António Caldas

Personal information
- Full name: José António Caldas Oliveira
- Date of birth: 1 May 1959 (age 66)
- Place of birth: Braga, Portugal
- Height: 1.84 m (6 ft 0 in)
- Position: Goalkeeper

Youth career
- 1973–1978: Braga

Senior career*
- Years: Team / Apps / (Gls)
- 1978–1979: Braga / 0 / (0)
- 1979–1980: Valdevez
- 1981–1984: Riopele
- 1984–1985: Vizela / 10 / (0)
- 1985–1986: Amarante
- 1986–1987: Lourosa
- 1987–1988: Lixa
- 1988–1992: Paços Ferreira / 100 / (1)
- 1992–1993: Leixões / 29 / (0)
- 1993–1994: União Madeira / 0 / (0)
- 1995: Leça / 9 / (0)
- 1995–1997: Leixões / 4 / (0)

Managerial career
- 1996–1998: Leixões
- 1998–1999: Braga (youth)
- 2001–2005: Braga B
- 2005–2006: Chaves
- 2007–2008: Braga (youth)
- 2007–2008: Braga
- 2010–2011: Benfica Huambo
- 2011–2013: Interclube
- 2013–2016: Sagrada Esperança
- 2019–2020: FC Yerevan

= António Caldas =

Portuguese footballer (born 1959)

José António Caldas Oliveira (born 1 May 1959), known as Caldas, is a Portuguese retired footballer who played as a goalkeeper, and current manager.

==Playing career==
Born in Braga, Caldas played youth football with local S.C. Braga. He spent most of his career in the second division, during a 19-year professional career.

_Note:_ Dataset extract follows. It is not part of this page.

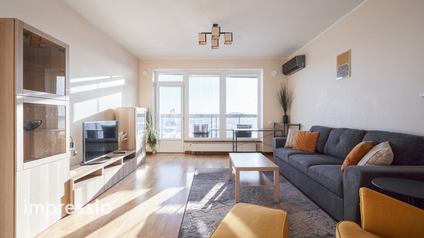 Viesistaba ar apvienota ar virtuvi, kas aprīkota ar plīti, trauku mazgājamo mašīnu, ledusskapis un ikdienā nepieciešamajiem piederumiem. No viesistabas ir izeja uz terasi ar skatu pāri pilsētai. Izolēta guļamistaba ar garderobes telpu. Vannasistaba ar vannu un veļasmašīnu. Domofons.

Caldas' input in the Primeira Liga consisted of ten games for F.C. Vizela in the 1984–85 season (team relegation), and 16 for F.C. Paços de Ferreira in the 1991–92 campaign. He was also part of top flight squads with Braga and C.F. União, but failed to appear in the league for either club.

==Managerial career==
Caldas began coaching whilst still an active player, with Leixões SC. He subsequently returned to Braga, being in charge of both the youth and the reserve sides and helping launch the career of Eduardo Carvalho, who went on to gain several caps for Portugal.

In 2006–07, Caldas managed G.D. Chaves before he returned to Braga, again being in charge of the under-19s, but after the sacking of Manuel Machado he was promoted to the main squad of SC Braga where in 2007–2008 he qualified the team in to the first Intertoto Cup Qualification of the UEFA Cup.

Caldas moved to Angola in 2010, where he coached S.H. Benfica (Huambo) and
Interclube where he won the Angolan Cup and Super Cup. He made history with Interclub, it was the first time a team of Angola reached the semi-final of the CAF Champions league. He is now currently coaching G.D Sagrada Esperança.] and G.D. Sagrada Esperança.